30年ぶりの楽友協会合唱団2009年10月21日 23時19分11秒

今回のウィーン音楽祭 in Osaka、ひとつの話題は、楽友協会合唱団を招聘したことです。カラヤンのお気に入りだったこの合唱団は、1979年にカラヤンと一緒に来日して以来、まったく日本に来ていません。しかしウィーン音楽祭は楽友協会との提携で実施している企画なので、協会所属の合唱団を招聘することには、大きな意味があります。そこで、《天地創造》を同合唱団指揮者のヨハネス・プリンツ氏の指揮で、《ドイツ・レクイエム》を大植英次さんの指揮で演奏していただく企画を立て、招聘を実現しました。

張り切ってやってきた合唱団、今日は《天地創造》のリハーサル。どこかで聴いた響きだなあ、と思っていたら、数年前楽友協会の125周年のコンサートに出席したとき、合唱の1曲が、ムーティの指揮で披露されたことを思い出しました。まさに同じ響きが、いずみホールのステージに再現されていたのです。

夜は、「ウィーン楽友協会合唱団の伝統を語る」と題するシンポジウム。そのコーディネートが、今回における私の最大の仕事です。
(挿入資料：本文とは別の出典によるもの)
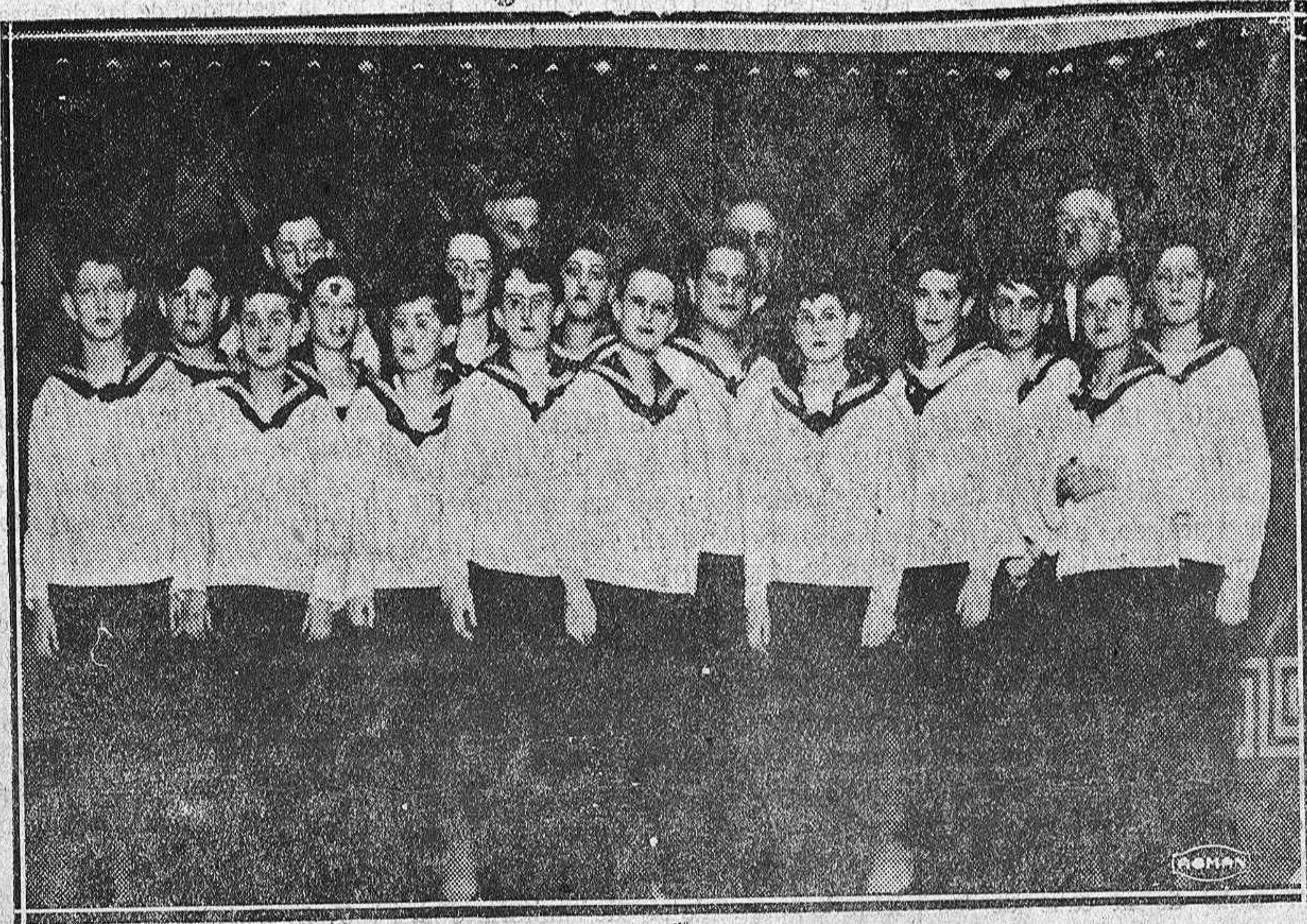
Coro de niños de la Capilla Real de Viena, que actuó en el Concierto de la Filarmónica

トーマス・アンギャン総監督の、合唱団の歴史と活動に関する講演のあと、指揮者プリンツ氏、代表アーデルハイト・ヒンク氏(ウィーン・フィル・コンマスの夫人)、団員ヨアヒム・ライバー氏(もの柔らかな典型的ウィーン紳士)、アンギャン氏という顔ぶれでパネルディスカッションを行い、さまざまなことを語っていただきました。進むにつれて印象づけられたのが、プリンツ氏の存在感。明晰な弁舌と真摯な姿勢に、ウィーンを背負う新しい逸材の台頭を実感しました。

最後に民族衣装の合唱団があらわれ、日本語の《紅葉》を含むアカペラ3曲を披露するに及んで、会場の温かい雰囲気は最高潮に。音楽のエッセンスを電気が走るように伝えるプリンツ氏の指揮に、脱帽です。関西の方、《天地創造》、ぜひおいでください(《ドイツ・レクイエム》は完売)。

部屋に戻ったら、クライマックス・シリーズの中継をやっていて、日本ハムが怒濤の攻撃中。スレッジの逆転サヨナラ満塁ホームランには鳥肌が立ちました。かくして、いい1日でありました。